“Little Colonel Funston”

Mark Twain suggested that Funston’s “conscience leaked out through one of his pores when he was little.”

The manner in which Aguinaldo was apprehended also proved unsettling. In an article in Harper’s Weekly on November 11, 1899, Funston had complained that the Filipinos “violated all the rules of civilized warfare, and they knew perfectly well what they were violating. They would bring flags of truce, and when our men went forward under similar flags, the insurgents would fire upon them.” Yet Funston’s stratagem for taking Aguinaldo was far more outrageous. Critics noted that Funston and the Americans had fired their weapons after Aguinaldo had surrendered and that the Macabebes had been wearing enemy uniforms; both actions violated international law. The underhanded manner in which the Filipinos had been defeated raised further doubts about whether the nation’s imperial venture subverted the ideals on which the American nation was founded.

But there was something else too. Although he embodied a heroic ideal as old as history itself, Funston’s stark lust for martial glory, unsoftened by the haze of time, disconcerted those who chose to look closely. There was no point in blaming Funston for his deeds, wrote Mark Twain, “because his conscience leaked out through one of his pores when he was little.”

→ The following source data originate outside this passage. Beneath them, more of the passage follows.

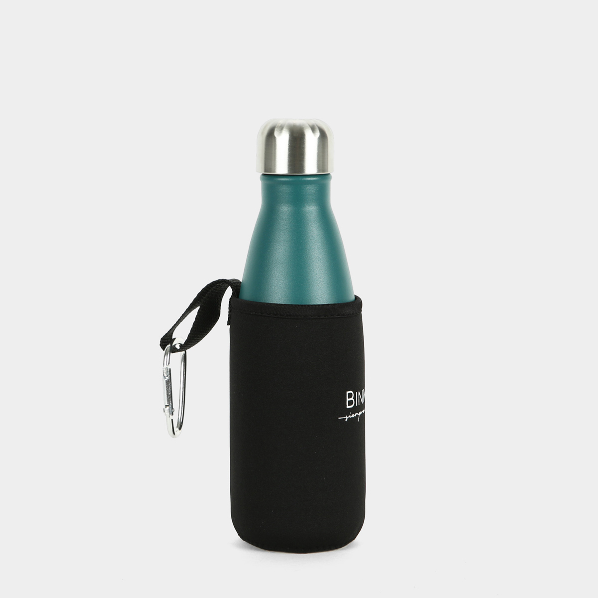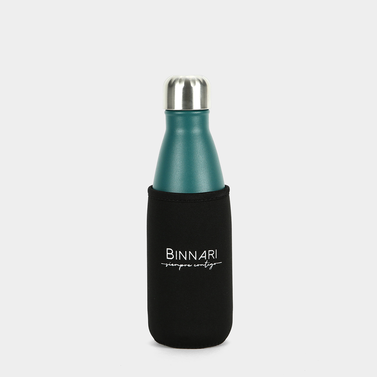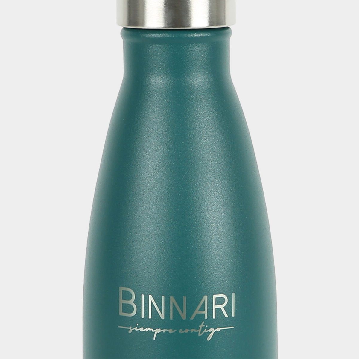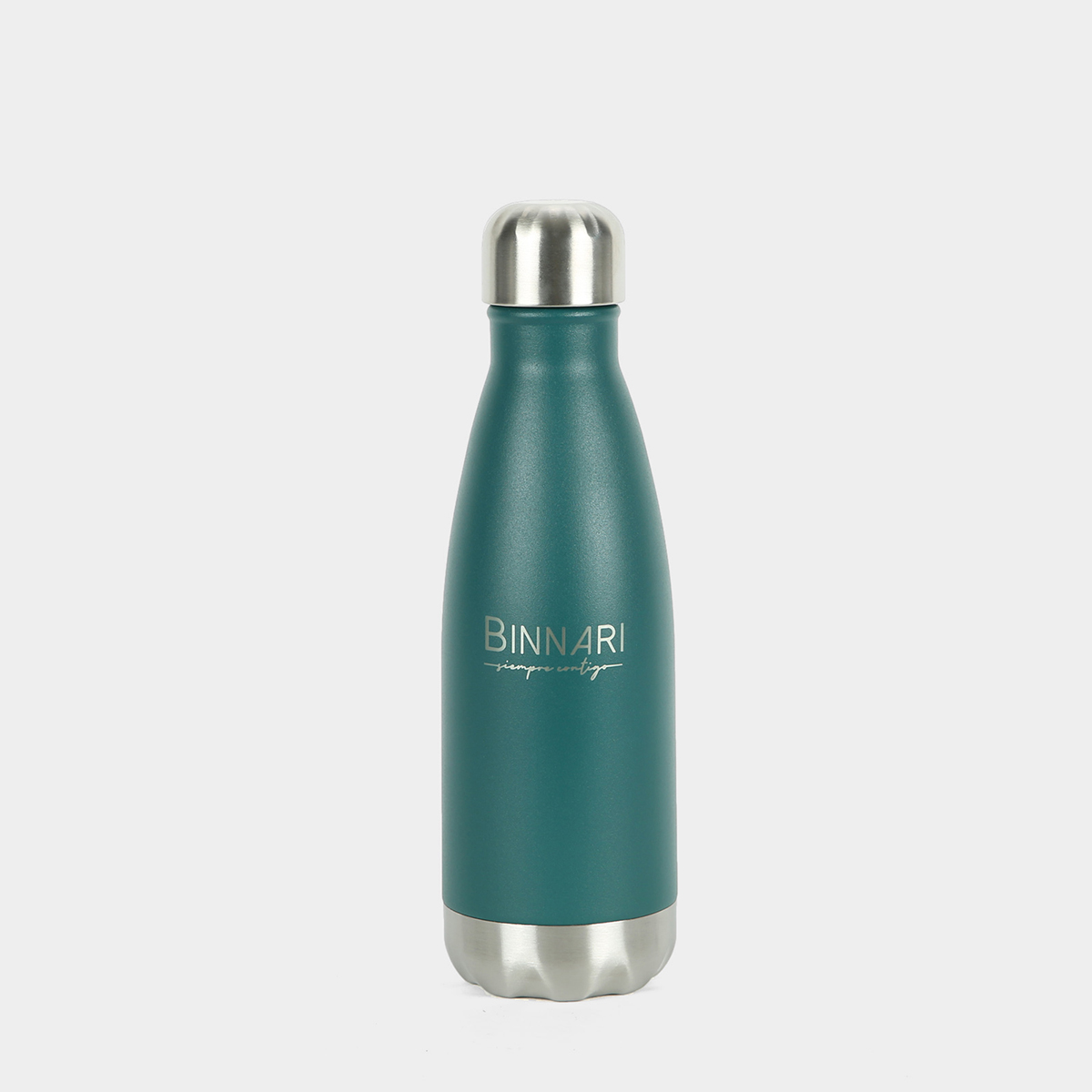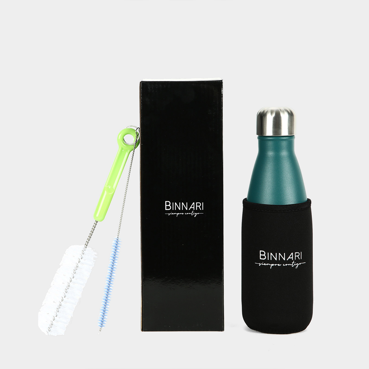 Botella reutilizable con capacidad de 350 cl con aislamiento al vacio de Binnari en color verde. Fabricada con acero inoxidable de alta calidad para la capa interior y exterior para preservar el sabor y el frescor de la bebida sin ninguna contaminación. El aislamiento al vacío significa que la botella se mantendrá sin condensación. Mantiene caliente tu té o café durante 24 horas y las bebidas heladas durante 12 horas, sin importar la temperatura exterior. Tapón de rosca hermético que previene las bolsas mojadas y los derramamientos accidentales. Además, el pack incluye una funda con un colgador y dos escobillas limpiadoras para facilitar la limpieza de su interior y exterior.
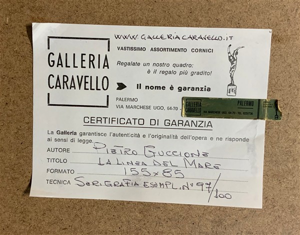 Piero Guccione "La linea del mare" serigrafia a colori cm 83x154 firmata e nume
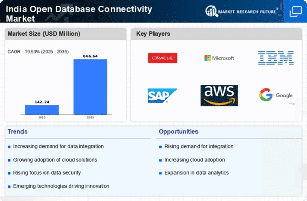 The open database-connectivity market is significantly influenced by the growing emphasis on data analytics across various industries in India. Organizations are increasingly recognizing the value of data-driven insights for strategic decision-making. As a result, there is a heightened demand for tools and solutions that enable efficient data retrieval and analysis. The analytics market in India is expected to grow at a CAGR of 25% from 2023 to 2025, reflecting the urgency for businesses to harness data effectively. Open database-connectivity solutions play a crucial role in this landscape by providing the necessary infrastructure for real-time data access and integration, thereby empowering organizations to derive actionable insights and enhance their competitive edge.
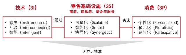 刘强东的“第四次零售革命”则不同,在阐述上更加系统、深入,提出了“3I+3P=3S”的理念。具体来说,刘强东认为第四次零售革命的驱动力有两个,一个是技术,一个是消费。在技术上,物联网、智能化等技术的变革将呈现出“3I”的趋势:感知(Instrumented),对场景的感知能力越来越强,而且场景能够数据化;互联(Interconnected),打通不同场景的数据,而且可以最大程度实现数据共享;智能(Intelligent),智能化水平不断提升,销售预测更精准,库存计划更符合需求等。
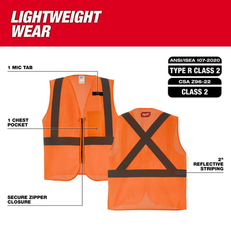 Milwaukee CSA Type R/Class 2 Reflective Mesh/One Pocket Safety Vest High Visibility Orange S/M

Shame has always impelled young men to battle and to do things great and gruesome. Tim O’Brien, our foremost novelist of the Vietnam War, explained that he participated as a foot soldier in that conflict “out of a kind of personal terror—fear of censure, fear of humiliation, fear of exile, fear of jail, fear of ridicule, fear that my reputation might be damaged among my friends and family, fear of blushing before the stolid folks in my little hometown. ... In short, I capitulated to an overwhelming fear of embarrassment. . . . Conscience is crippled by cowardice. We kill out of embarrassment. We die of embarrassment.”

Aggression is necessary for military success, and both are essential to the survival of peoples and nations. Yet aggression often takes root in the darkest recesses of the soul, wherein lurks, among young men especially, an immense fear of humiliation. Funston’s life, so familiar in its basic outlines, so heroic in its wild trajectory, so inspiring in its determined assault upon adversity, on closer inspection provides a disturbing glimpse into that darkness.

Sometimes we forget our heroes because there is too much to remember; the press of new events inevitably crowds out the old. But sometimes it’s best that our heroes remain forgotten, lest they remind us of things we do not wish to know.